• [Records shown]:

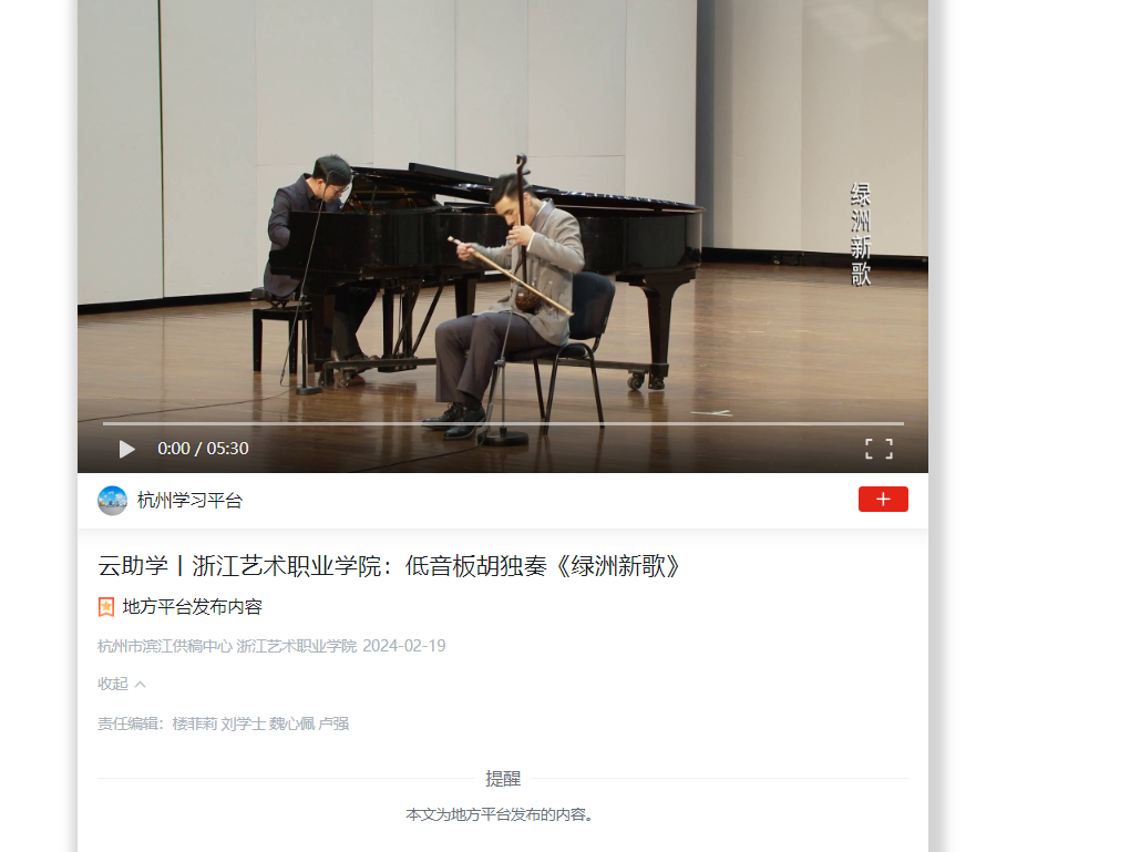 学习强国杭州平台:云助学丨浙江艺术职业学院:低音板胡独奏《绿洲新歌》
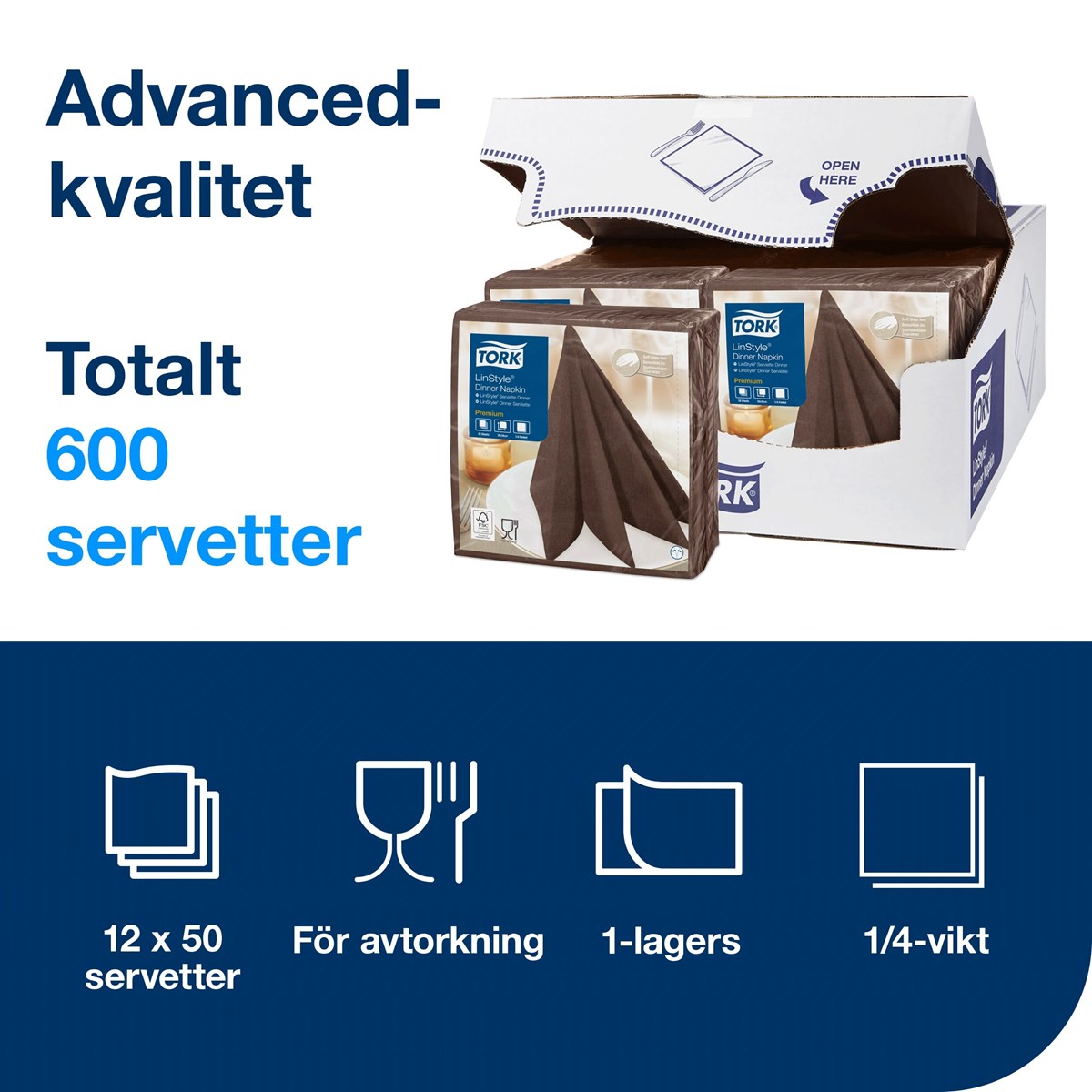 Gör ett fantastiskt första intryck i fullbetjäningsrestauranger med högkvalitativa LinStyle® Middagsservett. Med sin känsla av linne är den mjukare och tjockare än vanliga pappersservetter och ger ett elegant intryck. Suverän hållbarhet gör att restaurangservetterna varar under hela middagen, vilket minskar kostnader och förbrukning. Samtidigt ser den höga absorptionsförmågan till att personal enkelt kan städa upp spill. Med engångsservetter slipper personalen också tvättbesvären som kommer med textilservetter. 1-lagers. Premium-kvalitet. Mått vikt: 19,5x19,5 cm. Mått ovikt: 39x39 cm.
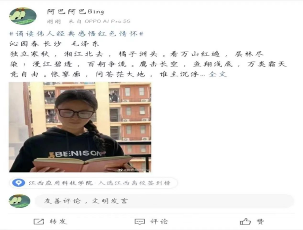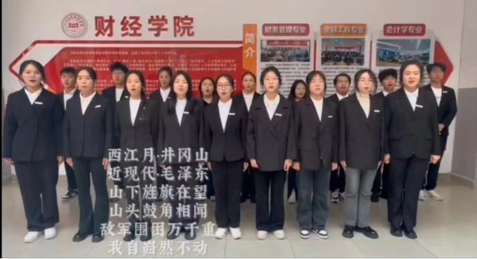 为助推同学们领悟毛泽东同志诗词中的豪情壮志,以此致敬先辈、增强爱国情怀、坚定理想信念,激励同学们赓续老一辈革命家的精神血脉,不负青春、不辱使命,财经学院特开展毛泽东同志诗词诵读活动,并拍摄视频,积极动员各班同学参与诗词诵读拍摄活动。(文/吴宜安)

---

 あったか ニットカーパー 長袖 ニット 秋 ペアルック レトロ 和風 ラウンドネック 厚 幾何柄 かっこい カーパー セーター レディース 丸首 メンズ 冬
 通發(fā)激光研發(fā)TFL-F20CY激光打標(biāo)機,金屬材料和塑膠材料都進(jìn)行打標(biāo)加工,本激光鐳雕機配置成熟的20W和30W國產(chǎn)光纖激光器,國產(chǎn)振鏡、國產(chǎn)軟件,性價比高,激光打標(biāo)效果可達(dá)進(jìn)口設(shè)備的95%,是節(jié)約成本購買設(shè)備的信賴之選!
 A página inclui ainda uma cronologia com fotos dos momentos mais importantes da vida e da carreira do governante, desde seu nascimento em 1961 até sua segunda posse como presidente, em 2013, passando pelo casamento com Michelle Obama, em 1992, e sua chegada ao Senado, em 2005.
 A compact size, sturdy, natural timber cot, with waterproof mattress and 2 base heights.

• [How to complete this task]:
Your answer should be the exact lines above from the one containing "Gör ett fantastiskt" through the one containing "为助推同学们领悟毛泽东同志诗", with both end lines kept and the pictures removed, please.

• [Answer to this task]:
 Gör ett fantastiskt första intryck i fullbetjäningsrestauranger med högkvalitativa LinStyle® Middagsservett. Med sin känsla av linne är den mjukare och tjockare än vanliga pappersservetter och ger ett elegant intryck. Suverän hållbarhet gör att restaurangservetterna varar under hela middagen, vilket minskar kostnader och förbrukning. Samtidigt ser den höga absorptionsförmågan till att personal enkelt kan städa upp spill. Med engångsservetter slipper personalen också tvättbesvären som kommer med textilservetter. 1-lagers. Premium-kvalitet. Mått vikt: 19,5x19,5 cm. Mått ovikt: 39x39 cm.
 为助推同学们领悟毛泽东同志诗词中的豪情壮志,以此致敬先辈、增强爱国情怀、坚定理想信念,激励同学们赓续老一辈革命家的精神血脉,不负青春、不辱使命,财经学院特开展毛泽东同志诗词诵读活动,并拍摄视频,积极动员各班同学参与诗词诵读拍摄活动。(文/吴宜安)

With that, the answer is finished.